Monday, November 6, 2023

Starchaser: The Legend of Orin

Starchaser:The Legend of Orin (1985)

Runtime: 100 minutes

Directed by: Steven Hahn

Starring: This is an animated feature that has some old familiar voice talents

From: Young Sung Production Co.

Another review done by request. Earlier in the year, a mutual here asked if I had seen a list of various animated films from the 70's/80's. My response was “nope” to all of them. This was one and as it was a space opera, that was what I picked last night. I never thought there'd come a time where people on Letterboxd will ask me if I've seen something or would like me to see something... flattered, I definitely am. Note that what I saw on YouTube was NOT the 3D copy (!) that someone uploaded for those that have anaglyph glasses at home. Earlier in the year I watched a few minutes of that... the picture was horribly washed out and it literally start to hurt my eyes. Henceforth, instead what I saw was one of the HD copies that can easily be discovered.
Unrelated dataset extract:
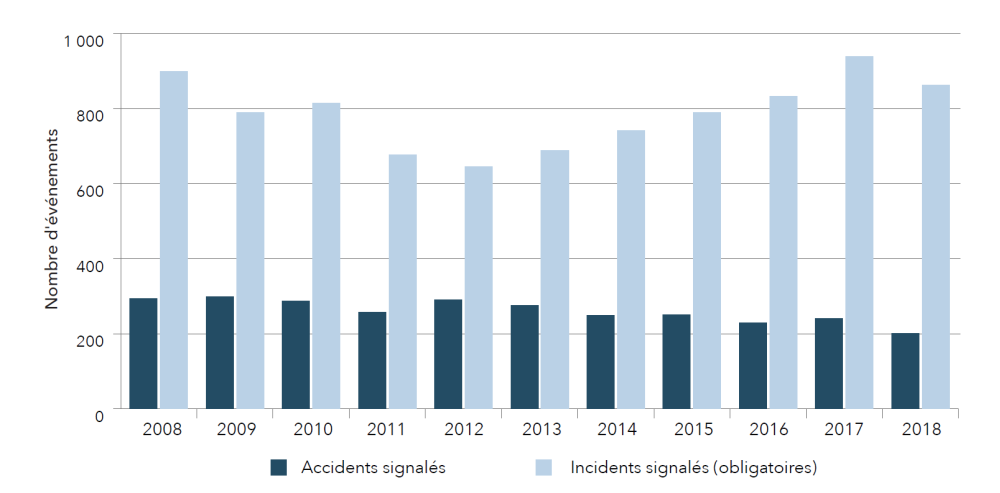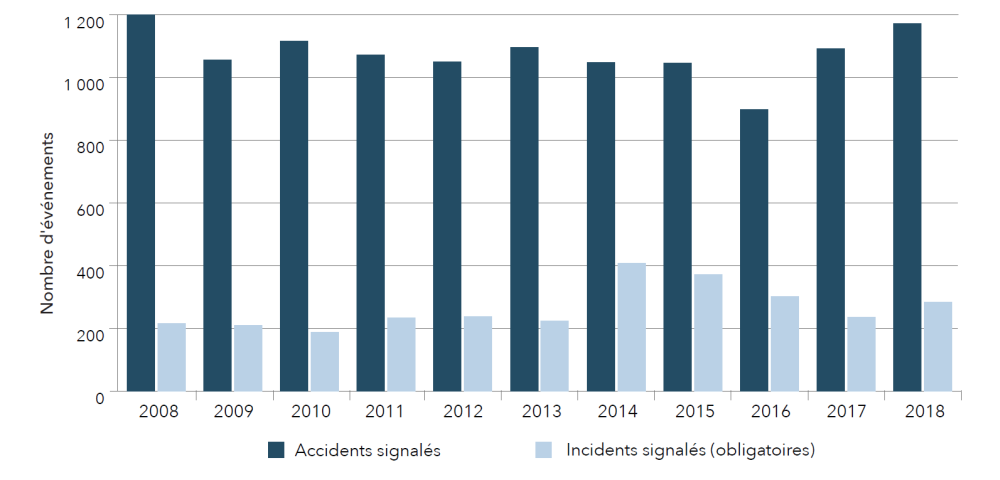 Après une tendance à la baisse de 2008 à 2016, le nombre global d'accidents signalés en 2018 (1657) a été supérieur de 2,5 % au niveau de 2017 (1615), et tout juste supérieur à la moyenne décennale de 1648.

Let's see if any of this sounds familiar: an average teenager (w/ fine 80's hair and red headband) finds a laser sword, which he soon discovers is part of a prophecy. Only he can wield it so he escapes the subterranean mining world that he & everyone else is enslaved in. Above ground, he finds a rogue smuggler who has a phallic spaceship controlled by AI w/ a sassy personality, voiced by Les Tremayne. Later on is a headstrong princess... those were just the most blatant examples. I know that franchise was based on old archetypes & fables but it was astounding how they didn't even try to hide that “inspiration.”
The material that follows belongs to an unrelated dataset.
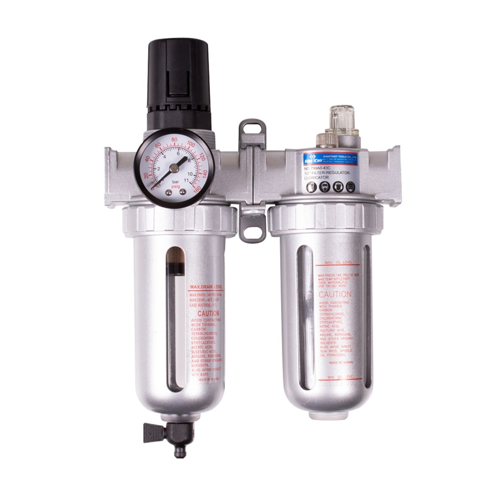 Фильтр влагоотделитель с редуктором и лубрикатор 1/4", с манометром KING TONY 799A0-23C TONY

It is silly nonsense w/ more than one deus ex machina moment & the basic storytelling could certainly be better. Be that as it may, those basic storytelling ideas still work if done right and it was easy to root for Orin as he tries to free his enslaved people and conquer the A-hole villain Zygon, who looks like he stepped off the set of a period post-apocalyptic film. Some elements of its time greatly amused me, such as the hilarious electronic score. Other details, less so... there is a literal FEMBOT (identified as such) who Not Han Solo programmed more to his tastes. Think of that how you will, or the casual 80's sexism.
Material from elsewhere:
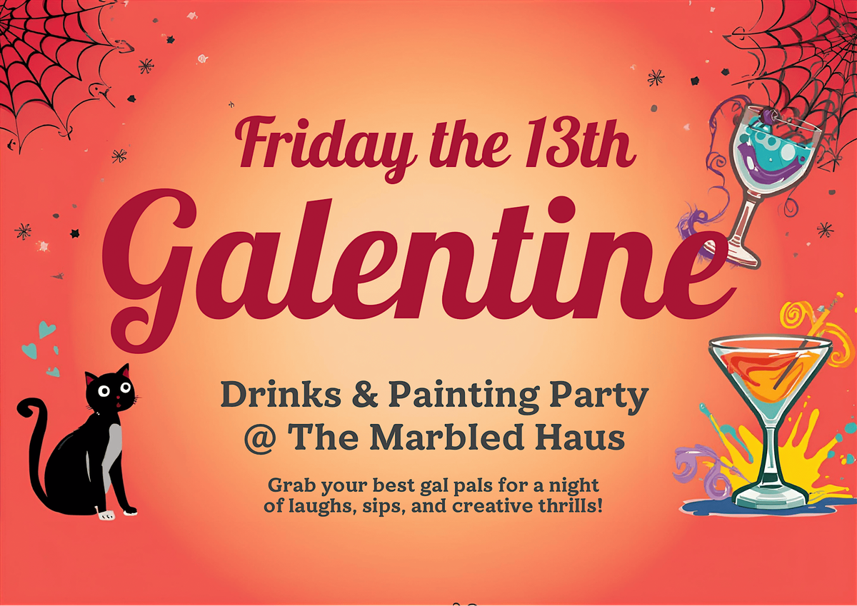 Get ready for a spooky twist on your usual Galentines! Join us in person for a night full of laughs, good vibes, and great company. It’s the perfect chance to celebrate friendship and painting. We will have drinks, charcuterie, and desserts! Don’t miss out on the fun and surprises we have planned. Come hang out, make memories, and embrace the Friday the 13th magic with your favorite crew!

Who knows how I would have felt about the movie had it been viewed as a kid way back when. As an adult, the animation is at least nice for the budget and computer animation is even blended in back when that was uncommon. Heck, the enemy's backstory & motives... more relevant in 2023 than in 1985. Aside from the period attitudes and the whole “ripoff” aspect, Starchaser was truly inoffensive and fine as something to watch on a random Sunday night.